Radial artery access for cardiac catheterization . Lidocaine is instilled at the intended site of puncture to make a small wheal (Panel A). Here a single anterior wall puncture technique is demonstrated with flashback of blood from the radial artery (Panels B and C). Once a guide wire is placed within the radial artery without resistance, a small cut can be made with a scalpel at the point of insertion of the introducer (Panel D). This is not mandatory given that most sheaths are hydrophilic and so tend to pass easily over the wire and through the skin into the radial artery without much resistance (Panel E). Once the sheath is in place, secure with adhesive dressing (Panel F), and flush with heparinized saline to confirm patency (Panel G). Once the sheath is secure the arm can be moved into a more comfortable position for the patient if necessary (Panel H). Reproduced with permission from the Cardiac Catheterization Handbook, First Edition by Kern MJ. “Radial artery access for cardiac catheterization” Page 55–97; Copyright Elsevier (1996)

  • In patients with radial artery spasm caused by failed access attempts, three options exist:

    • Observation for the spasm to resolve

    • The administration of 400 mcg of sublingual nitroglycerin

    • The subcutaneous injection of 200 mcg of nitroglycerin on the medial and lateral aspects of the radial artery

  • The mean time for the radial pulse to reappear was 18 ± 5, 8 ± 1, and 3 ± 1 min for observation, sublingual nitroglycerin, and subcutaneous nitroglycerin, respectively, with the subsequent rate of successful radial cannulation 72, 90, and 100% [34].
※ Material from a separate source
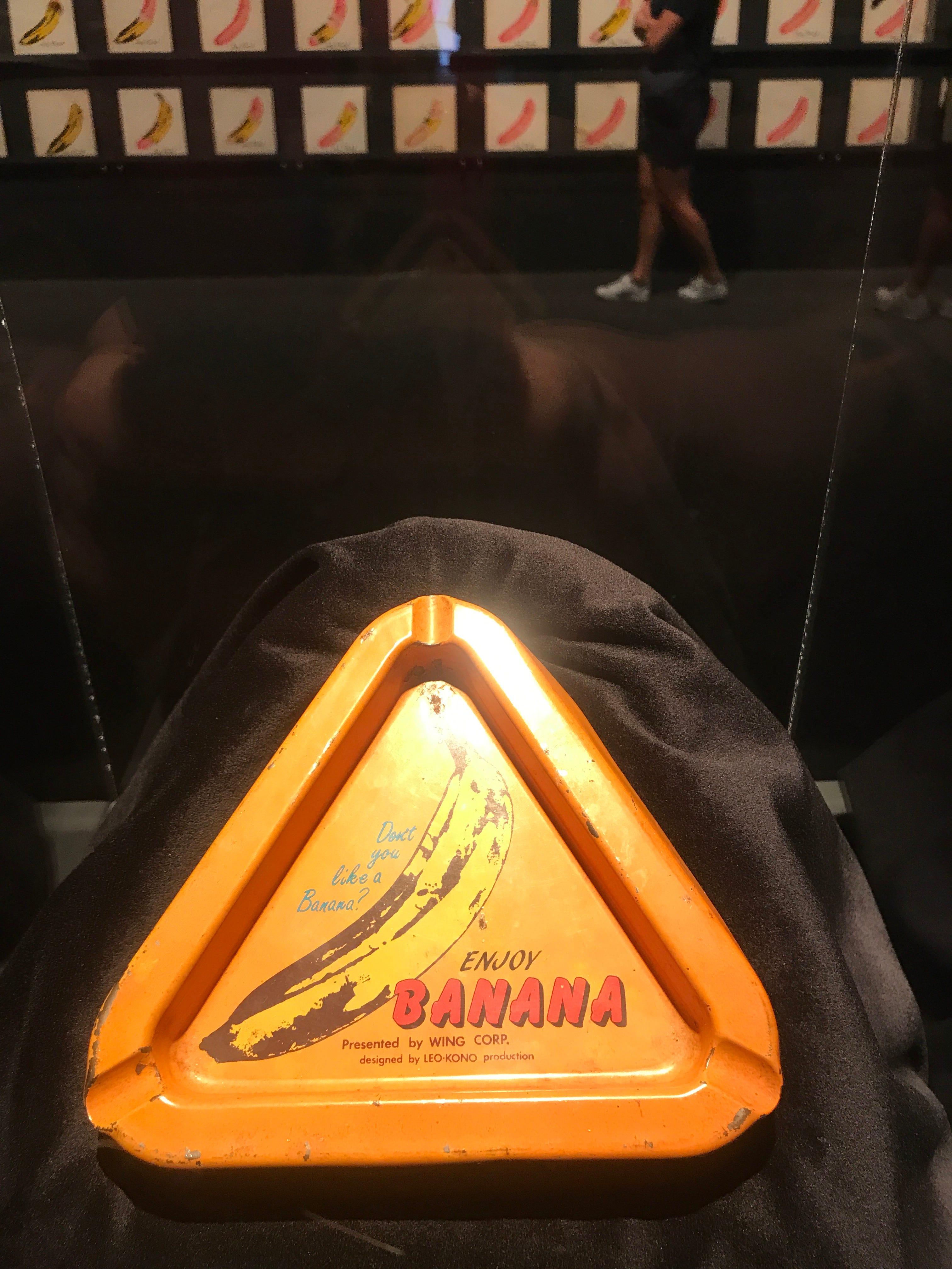 I was also delighted to make the acquaintance of this ashtray, which was the source of the original banana. I stood there thinking, How did I not know about this?? This is not the exact ashtray Warhol worked from, but it is the same image that he chose to use on the cover. This particular ashtray came from the collection of the late Howie Pyro, of blessed memory, and he didn’t even realize what he had until 2017, when he revealed all to the website Dangerous Minds. I’m glad it has its place in the spotlight, and I’m equally glad this wasn’t something I should have known all along. It would have bothered me forever.

  • If the spasm is intense and irreversible, it may become necessary to switch to a completely different site altogether—ideally to the contralateral radial artery.

  • Following sheath insertion over the wire, an antispasmodic cocktail should be given to reduce the risk of radial artery spasm.

  • Available agents include calcium channel blockers (verapamil, diltiazem, nicardipine) or nitroglycerin. Intravenous unfractionated heparin (50–70 U/kg, up to 5000 U) should also be given at some point during the procedure to reduce the risk of radial artery occlusion (RAO) [35].

Ulnar Artery Access

  • Transradial access has been the preferred approach in light of conflicting evidence for ulnar access, with Hahalis et al. reporting increased MACE and major arm vascular events with transulnar access compared with transradial access [36] but others reporting no differences [37].

  • A recent meta-analysis by Dahal and colleagues of 2744 patients undergoing transulnar versus transradial access reports similar efficacy and safety except for more access attempts and increased access-site crossover with ulnar approach [38].

  • Ulnar artery cannulation may however serve as a reasonable and useful alternative, especially when the radial access site is not available, at high risk of failure or complications after repeated radial catheterizations, or tortuous or anomalous radial arterial vasculature.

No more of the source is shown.